Dinon's father, my great-grandfather Ralph, worked on the mainland end of the Nahant causeway in the town of Lynn, MA. He was a chemical engineer, working in the plastics division for General Electric. In 1936, he had a 5-year-old son, Dinon, and a pregnant wife, Babe. It was just 6 years after the start of the Great Depression, and he was fortunate just to have a job.
In September of 1939, Germany invaded Poland. By then, his sons, Dinon and Daryll, were just 8 and 3 years old. And, in spite of everything, he had been talking with Babe about even having a third child in another couple of years.
Something that is remarkably consistent in the way my grandfather, Dinon, tells his childhood stories is his tone of contentment and happiness. In spite of being born in the outgoing tide of the Great Depression and being a young boy as the second world war brewed and broke, Dinon's childhood memories are happy. I think it says a lot about my great-grandparents, Ralph and Babe, that Dinon's memories of the effects of the war on Nahant are all colored in the safety of adventure.
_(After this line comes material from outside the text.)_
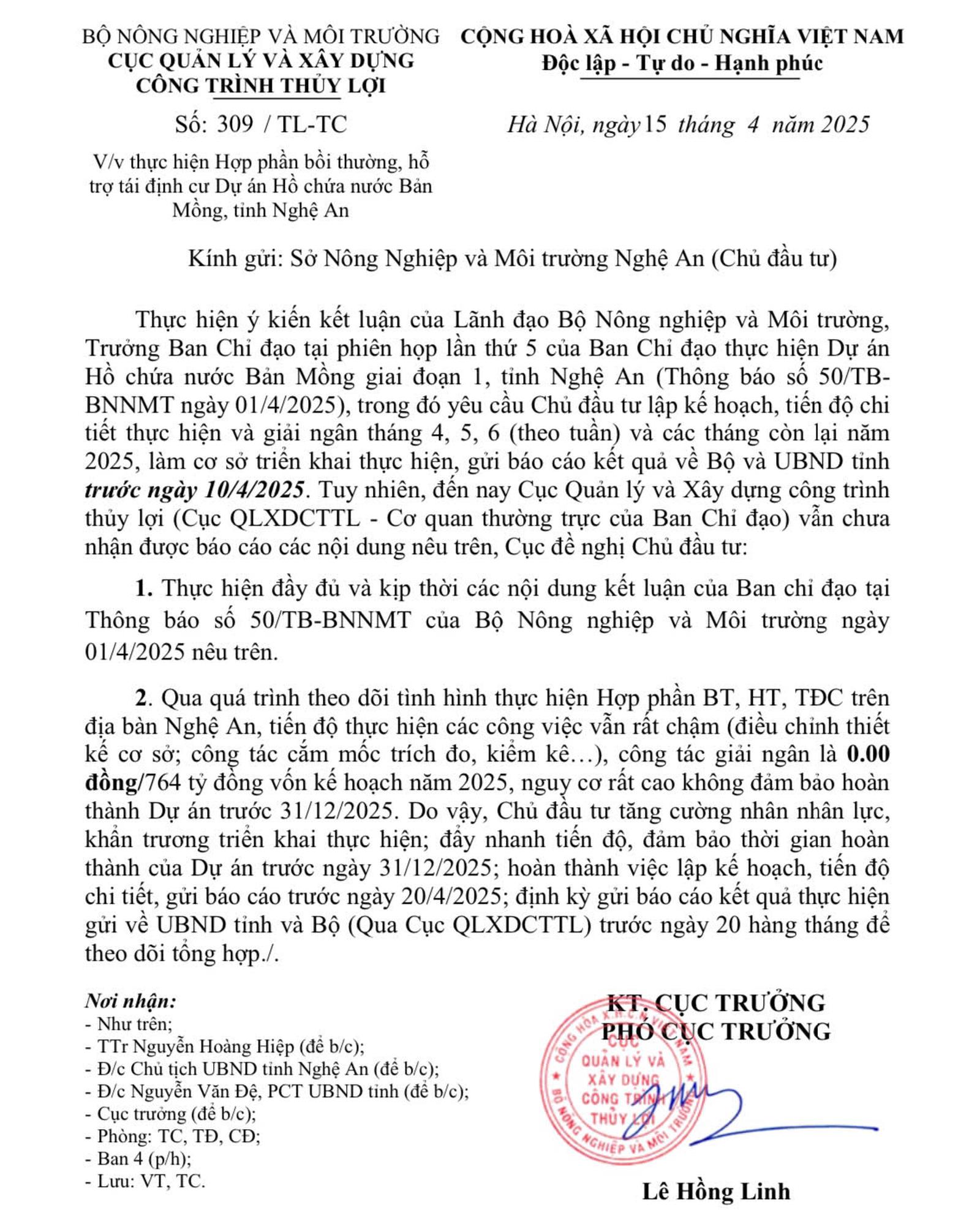 Ngày 15/4/2025, Cục Quản lý và Xây dựng công trình thủy lợi - Bộ Nông nghiệp và Môi trường đã có Văn bản số 309/TL-TC về việc thực hiện Hợp phần bồi thường, hỗ trợ tái định cư Dự án Hồ chứa nước Bản Mồng, tỉnh Nghệ An gửi Sở Nông Nghiệp và Môi trường Nghệ An.

The golf course is the biggest white space,
positioned to the west and north of Ft. Ruckman
Today: Battery Gardner Gun 1 and the Ft. Ruckman fire tower
"It was probably in the summertime of 1940, something like that, and since I was a kid, I became a mascot at one of the barracks. There was a Sergeant Gymo (pronounced "JI-mo"), and a lot of the soldiers were from Midwest communities, and they'd never seen a beach before and they got burned," Dinon said, laughing. "They’d lay down on the beach and think it was great, but sunscreen was pretty well unknown. So they would burn, and they would come to me, and their backs were itching, so they asked me to peel their skin off – and I'd just take my hand and peeeeel it back – so it wouldn't itch so bad."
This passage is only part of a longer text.